The findings from our study suggest that compared with the ancestral WT SARS‐CoV‐2 or previous VOCs, different clinical treatment strategies and public health control measures should be implemented for the optimal control of the current COVID‐19 pandemic caused by the Omicron wave. Furthermore, continuous surveillance revealed different sublineages of Omicron in addition to BA.1, including BA.1.1, BA.2, BA.3, BA.4 and BA.5. While studies from us and others revealed the attenuated pathogenicity of Omicron BA.1, the pathogenicity of the other Omicron sublineages remain largely unexplored. This is particularly important since BA.2 exhibits even higher transmissibility than BA.1 and has now replaced BA.1 and BA.1.1 as the dominant circulating SARS‐CoV‐2 variant. In addition, recombination variant between Omicron BA.1 and BA.2, known as XE, as well as recombination variants between Omicron BA.1 and Delta, known as XD and XF, have recently been reported. The virological characteristics of these new SARS‐CoV‐2 variants should be further investigated. The knowledge obtained will be highly important for setting a balanced and optimal public health control measure for the ongoing COVID‐19 pandemic.

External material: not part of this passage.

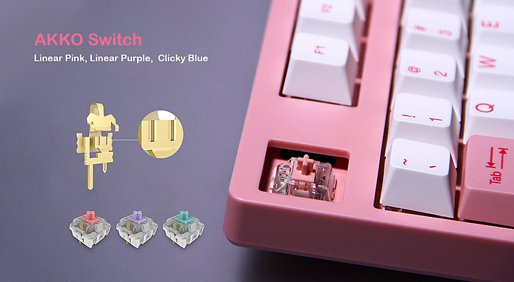 Switch AKKO cho trải nghiệm rất khác so với những Switch rẻ tiền khác trên thị trường, nó thừa sức làm hài lòng những người mới tập chơi bàn phím cơ cũng như là những người chơi phím cơ lâu năm. Switch AKKO hiện nay đang có 3 sản phẩm chính đó là: AKKO Pink, AKKO Purple, AKKO Blue .Cách đặt tên của các dòng Switch này tương tự như Cherry và nó cũng có điểm nhấn tương đồng.

If we learn from the past history of the four mild common cold coronaviruses, we should vaccinate as much as possible to prevent severe diseases, and then allow SARS‐CoV‐2 to circulate during the summer at a low level so that our population immunity can be continuously boosted naturally by the milder Omicron variant. The border and social distancing measures should be relaxed in a gradual manner. When winter comes or another variant emerges, the elderly and chronically sick should receive another booster dose of the most updated coronavirus vaccine together with the seasonal flu vaccination to boost their immunity without resorting to border control and social distancing again. As time goes by, our whole population immunity against severe disease would be consolidated by the continuous circulation of mild SARS‐CoV‐2 variants. Finally, SARS‐CoV‐2 will become just one of these common cold coronavirus causing mild seasonal outbreaks. Note that if we stop low level circulation by elimination measures of mass testing, isolation of all cases found by compulsory universal testing and quarantine of all contacts, we may never build up sufficient natural immunity after paying a huge psychosocial and economic price. Nature can be very unforgiving and our elderly population and patients with chronic diseases may be severely impacted during another wave of COVID‐19.

CONFLICT OF INTEREST

The authors declare no conflict of interest.